There's nothing stopping you from not using a c# WCF proxy client to communicate with a WCF service, you could always do without and use say raw TCP/HTTP/pipes/MSMQ. However, doing so generally requires alot of effort and time - time during which most people would generally prefer to spend reading the Hitchhiker's Guide to the Galaxy.
Heavy?
WCF proxies are actually not as heavy as it may sound. They're not really "3rd party" either. There're generally nothing more than light-weight classes compiled in with your application. They don't run say out-of-process as may happen in certain COM scenarios.
The notion of a "3rd party" proxy is not unique to WCF. DCOM also has the concept of proxies, but unlike WCF, they are created for you behind the scenes and are unable to be avoided. Sometimes, as mentioned, they even run in another process! WCF, or should I say SOAP services (generally), differs from DCOM because the client proxies are not required. They just make the use case of using a SOAP service easier. Luckily that part of Windows had to make way for a hyperspace bypass, so the use of DCOM in contemporary applications is essentially no more.
The client proxies help your life by:
encapsulating and serializing the method call into a request message (usually SOAP)
abstracting you from the underlying transport when the call to the service is made transmitting the request message from the prior step. i.e. using TCP; HTTP; MSMQ etc APIs. Want your TCP WCF service to accept a local named pipe client? Easy just change the config file, no code change is generally required!
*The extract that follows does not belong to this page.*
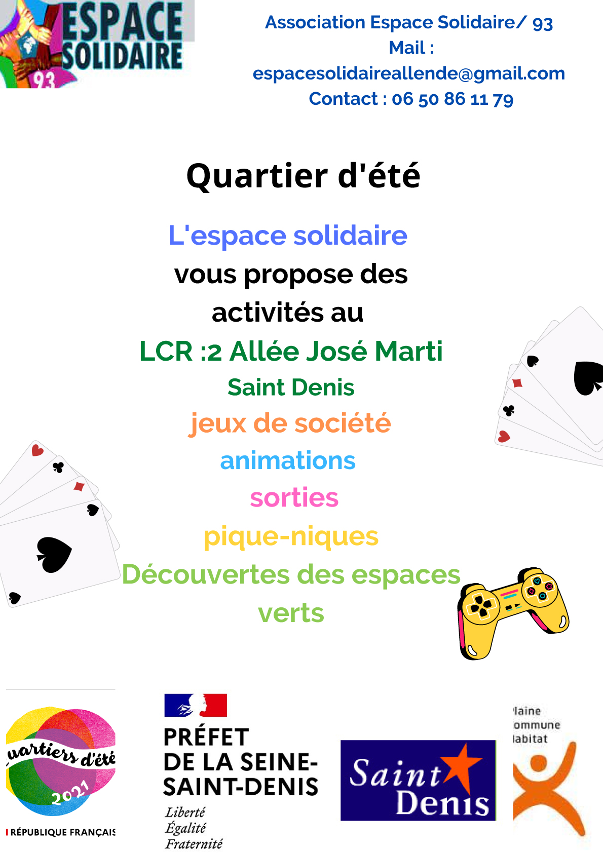 Espace solidaire 93 organise dans le cadre des activités « Quartier d’été » de nombreuses animations culturelles avec les jeunes et les moins jeunes.

deserializing the response message into a user friendly c# object(s)
handles all the tedious; complex and necessary security for you in the form of security tokens; cookies et al
When is WCF not WCF?
So going back to your question again:
Why can't a client speak directly (!) with a WCF server , instead of using a proxy class that does that?
...when you consider that WCF unifies all the comms APIs into a single API; abstracts and encapsulates a SOAP service, then we could say that all WCF clients by definition use WCF proxies to talk to a WCF service.
As soon as a client explicitly uses raw TCP; MSMQ; HTTP; named pipes APIs in code, it essentially stops being a WCF client (remember WCF is all about unified comms) and instead becomes a SOAP client (or perhaps REST). I would even argue that using the IRequestChannel interface with its Request() method, introduces a messaging concept that was not apparent with standard WCF client proxy code (even if it still abstracts transports from the user). By way of comparison, if I add a MSMQ binding to my pure WCF-client-proxy-using-app's WCF config, my code generally doesn't take on an asynchronous messaging model typically associated with MSMQ. That's the nice thing about WCF.
Of course the server, written in WCF, will be quite content in the knowledge that it considers itself "WCF" regardless of whether clients think it is WCF; SOAP or some scary XML payload being shot over TCP in much the same way as the deity that is Pluto, considers itself to be a planet regardless of what classification system happens to be in fashion at the time.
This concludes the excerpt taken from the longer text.